**Record set**

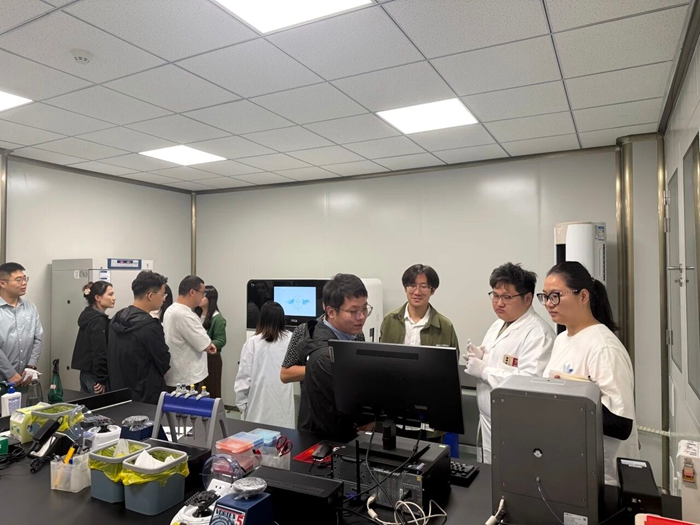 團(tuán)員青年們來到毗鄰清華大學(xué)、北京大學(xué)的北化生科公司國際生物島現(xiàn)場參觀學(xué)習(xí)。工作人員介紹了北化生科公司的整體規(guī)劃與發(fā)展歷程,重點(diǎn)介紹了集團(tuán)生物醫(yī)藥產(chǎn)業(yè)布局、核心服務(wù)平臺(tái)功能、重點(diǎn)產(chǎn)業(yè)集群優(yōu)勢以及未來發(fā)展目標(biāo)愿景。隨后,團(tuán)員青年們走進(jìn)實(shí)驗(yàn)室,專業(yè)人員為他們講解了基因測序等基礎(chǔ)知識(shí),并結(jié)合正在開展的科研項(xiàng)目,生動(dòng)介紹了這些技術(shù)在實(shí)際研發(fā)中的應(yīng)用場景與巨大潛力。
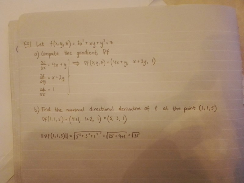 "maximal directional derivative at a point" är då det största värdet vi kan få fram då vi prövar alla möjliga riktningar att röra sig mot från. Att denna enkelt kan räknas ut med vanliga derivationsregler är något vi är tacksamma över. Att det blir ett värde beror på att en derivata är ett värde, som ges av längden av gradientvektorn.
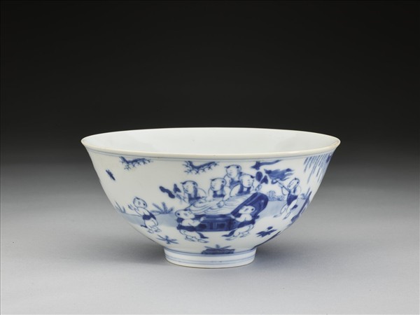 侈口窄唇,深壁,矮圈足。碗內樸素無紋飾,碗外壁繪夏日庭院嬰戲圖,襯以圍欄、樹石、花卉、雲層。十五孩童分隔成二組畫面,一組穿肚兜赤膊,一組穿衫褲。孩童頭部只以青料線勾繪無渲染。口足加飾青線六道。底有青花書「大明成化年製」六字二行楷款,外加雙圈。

--

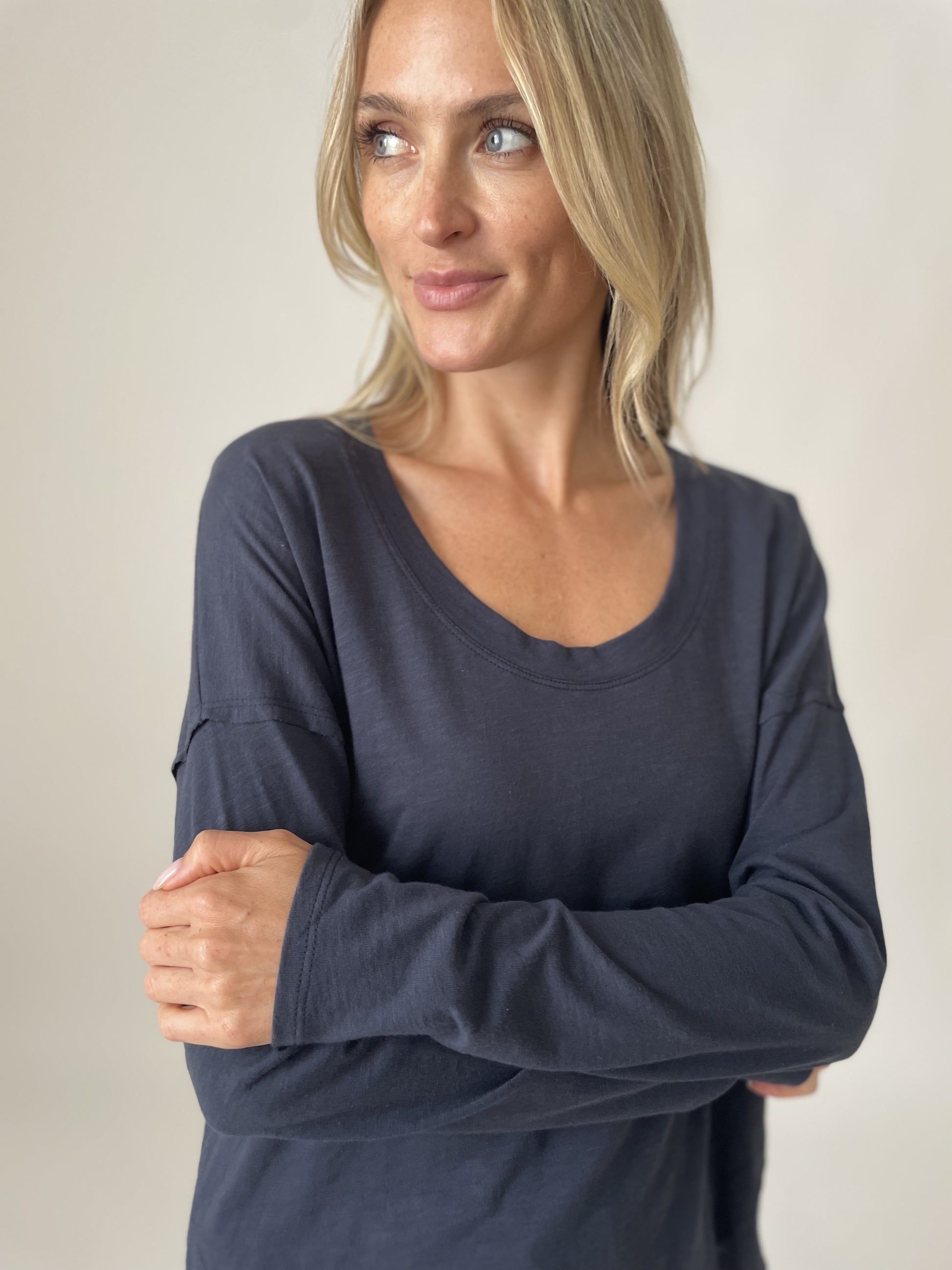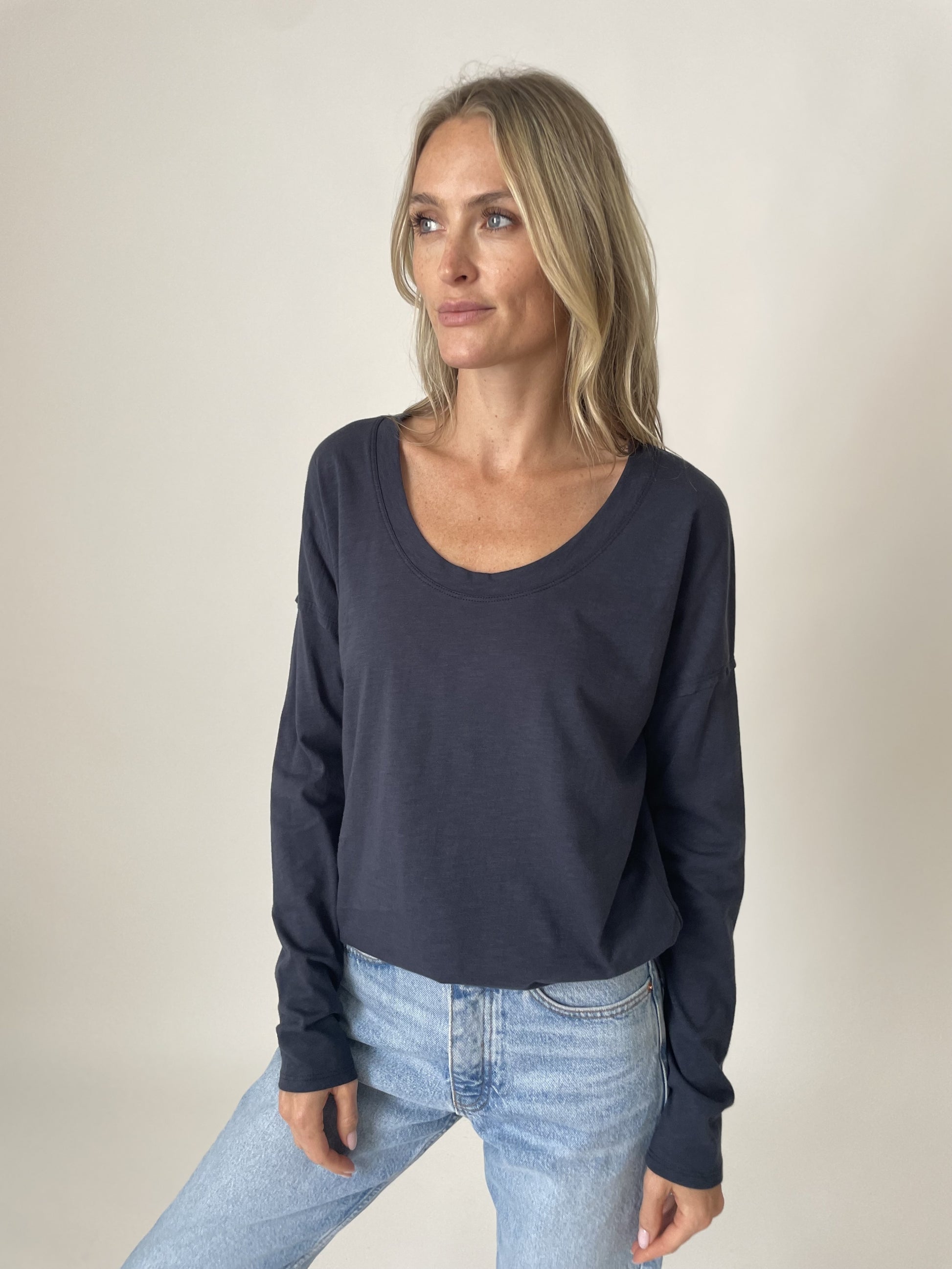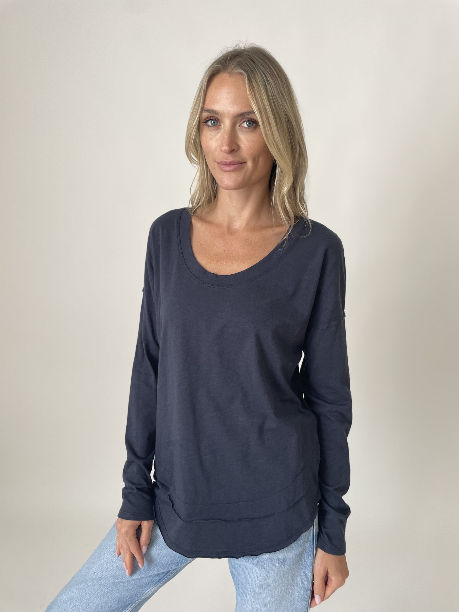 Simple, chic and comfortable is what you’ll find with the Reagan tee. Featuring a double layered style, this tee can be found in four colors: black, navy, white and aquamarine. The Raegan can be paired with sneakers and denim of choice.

**Aim of the task**
Transcribe the lines above exactly, beginning at the one with "längden av gradientvektorn." and ending at the one with "侈口窄唇,深壁,矮圈足。碗內". Include both; exclude the pictures.

**Exercise result**
 "maximal directional derivative at a point" är då det största värdet vi kan få fram då vi prövar alla möjliga riktningar att röra sig mot från. Att denna enkelt kan räknas ut med vanliga derivationsregler är något vi är tacksamma över. Att det blir ett värde beror på att en derivata är ett värde, som ges av längden av gradientvektorn.
 侈口窄唇,深壁,矮圈足。碗內樸素無紋飾,碗外壁繪夏日庭院嬰戲圖,襯以圍欄、樹石、花卉、雲層。十五孩童分隔成二組畫面,一組穿肚兜赤膊,一組穿衫褲。孩童頭部只以青料線勾繪無渲染。口足加飾青線六道。底有青花書「大明成化年製」六字二行楷款,外加雙圈。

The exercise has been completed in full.